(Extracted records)
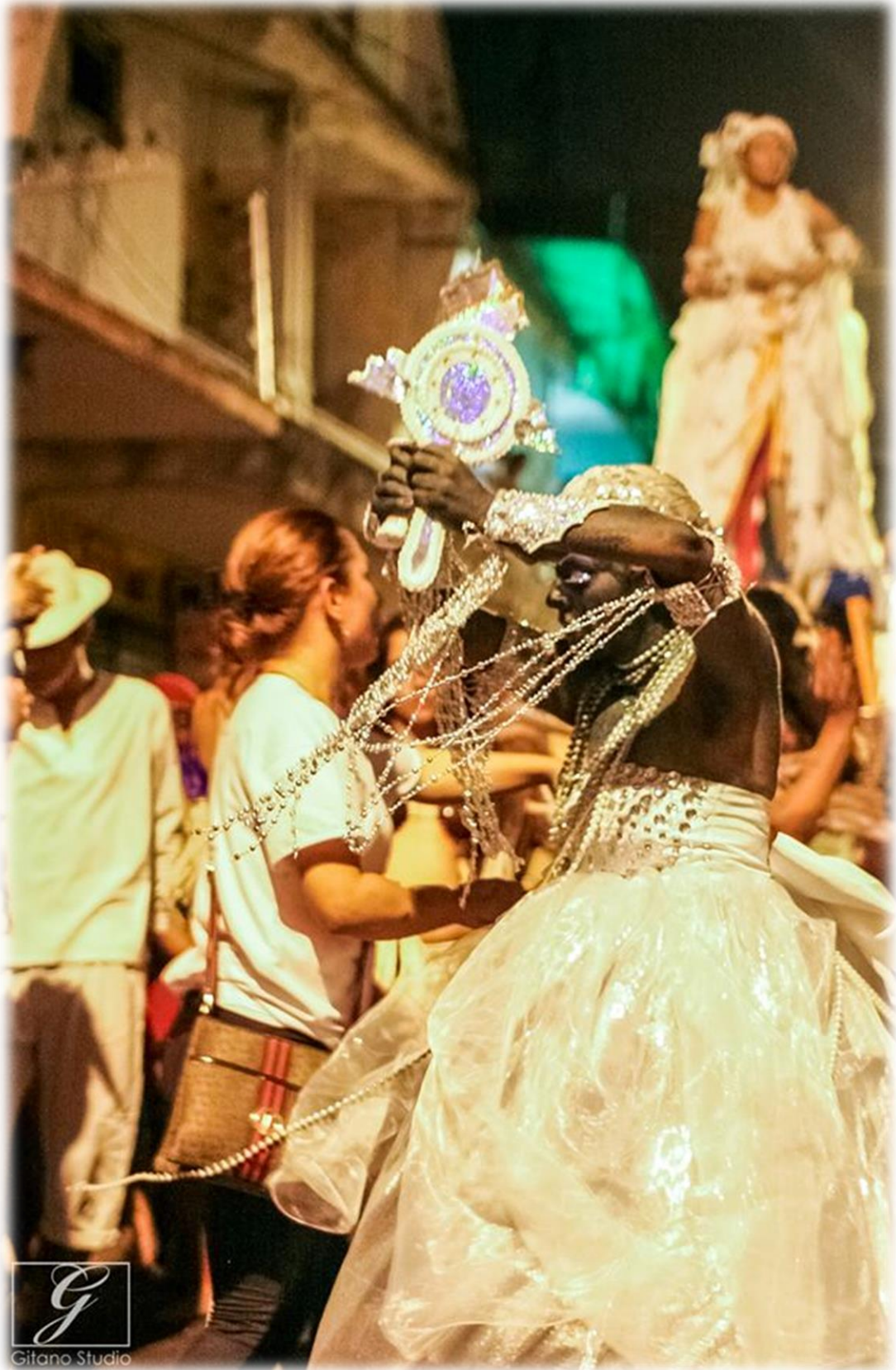
Fig. 57 - O corpo-cena da Iyá – Rainha do Mar.
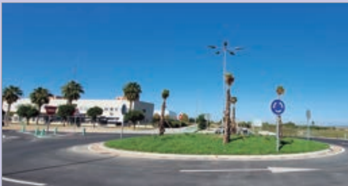
La rotonda de Haza de la Era, en pleno funcionamiento.

Las obras las ha llevado a cabo Inmova, que es quien está llevando a cabo las labores de urbanización de Haza de la Era.
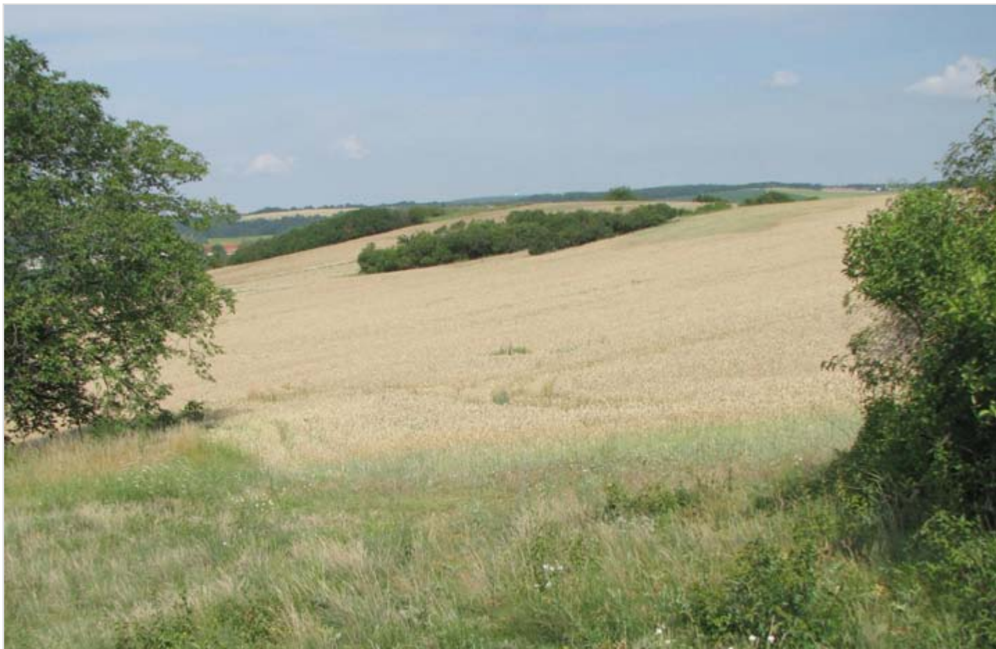
V popředí okraj VKP Podsedky se vzácnými polními plevely, v pozadí uprostřed polí PP Vinohrady.

V souvislosti s výskytem vzácných polních plevelů je třeba za mimořádně významné území považovat okolí Velatic. Pozornost je třeba věnovat především okrajům polí. Nejenom drobných extenzivně využívaných políček, ale i rozlehlým intenzivně obhospodařovaným polním lánům. Jako ideální okraj pole lze v tomto směru považovat plochy podél tradičních druhově pestrých teplomilných trávníků, místa s extrémními půdními podmínkami s jen omezeným mezernatým růstem plodin nebo místa bez soustředování dešťových vod z okolních spádových ploch.
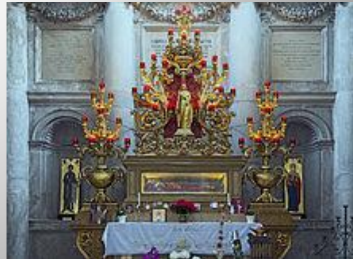
VENEZIA - CHIESA DI SAN GEREMIA
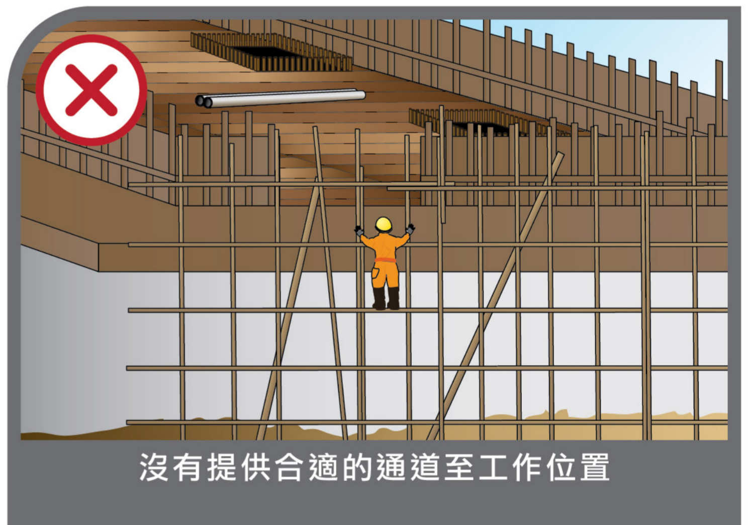
沒有提供合適的通道至工作位置
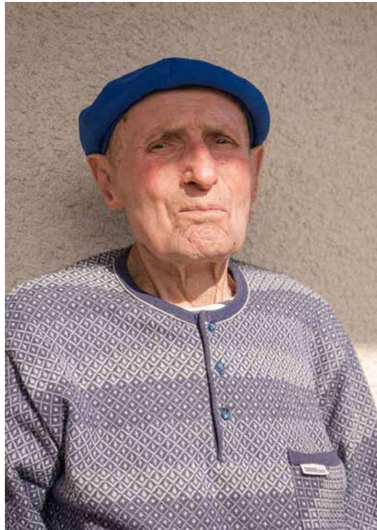
Свою професійну діяльність пан Степан розпочав у 1961 році, ставши до лав вогнеборців
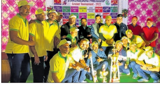
ଅତିଥିଙ୍କ ସହ ଖେଳାଳିମାନେ ।
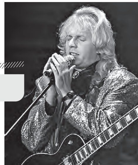
1990 год. Крис Кельми выступил на концерте в «Олимпийском»
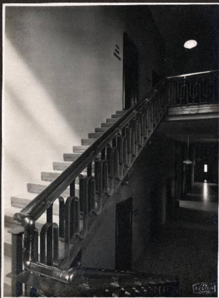
Particolare dello scalone
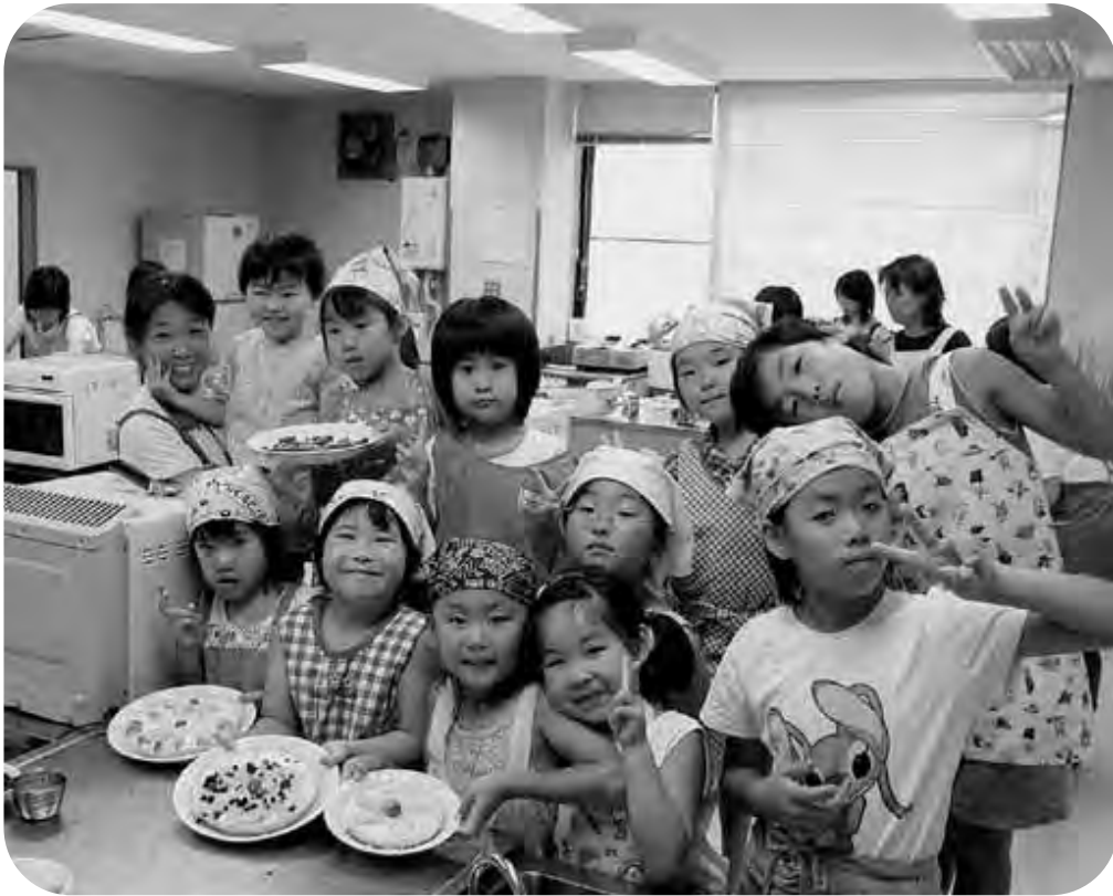
—みんなで作ったタルトの前でポーズ— チャレンジ子ども教室「親子クッキング教室」より
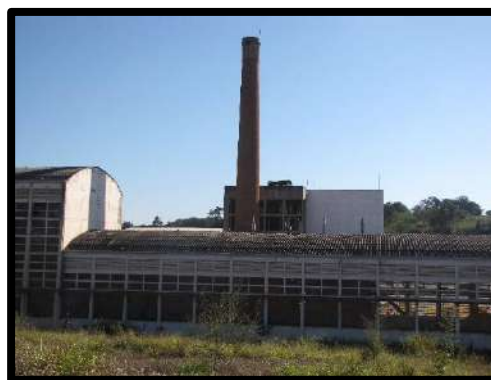
Itapira - SP
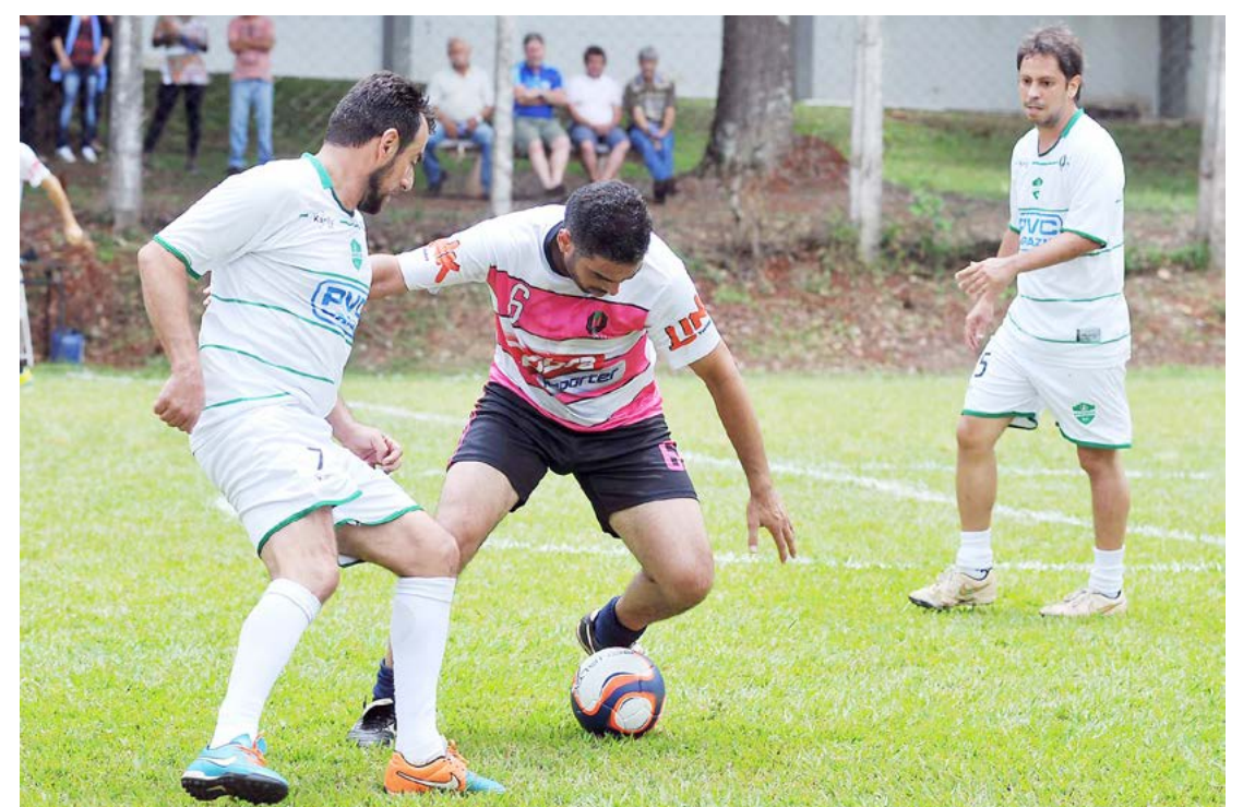
O torneio está agendado para acontecer no próximo domingo (23)

responsáveis pela organização, reforça que o Torneio da Amizade tem o intuito de fortalecer os laços entre as

PROMPT: Please copy out each line above exactly as written, but not the pictures.

ANSWER SECTION:
Fig. 57 - O corpo-cena da Iyá – Rainha do Mar.
La rotonda de Haza de la Era, en pleno funcionamiento.

Las obras las ha llevado a cabo Inmova, que es quien está llevando a cabo las labores de urbanización de Haza de la Era.
V popředí okraj VKP Podsedky se vzácnými polními plevely, v pozadí uprostřed polí PP Vinohrady.

V souvislosti s výskytem vzácných polních plevelů je třeba za mimořádně významné území považovat okolí Velatic. Pozornost je třeba věnovat především okrajům polí. Nejenom drobných extenzivně využívaných políček, ale i rozlehlým intenzivně obhospodařovaným polním lánům. Jako ideální okraj pole lze v tomto směru považovat plochy podél tradičních druhově pestrých teplomilných trávníků, místa s extrémními půdními podmínkami s jen omezeným mezernatým růstem plodin nebo místa bez soustředování dešťových vod z okolních spádových ploch.
VENEZIA - CHIESA DI SAN GEREMIA
沒有提供合適的通道至工作位置
Свою професійну діяльність пан Степан розпочав у 1961 році, ставши до лав вогнеборців
ଅତିଥିଙ୍କ ସହ ଖେଳାଳିମାନେ ।
1990 год. Крис Кельми выступил на концерте в «Олимпийском»
Particolare dello scalone
—みんなで作ったタルトの前でポーズ— チャレンジ子ども教室「親子クッキング教室」より
Itapira - SP
O torneio está agendado para acontecer no próximo domingo (23)

responsáveis pela organização, reforça que o Torneio da Amizade tem o intuito de fortalecer os laços entre as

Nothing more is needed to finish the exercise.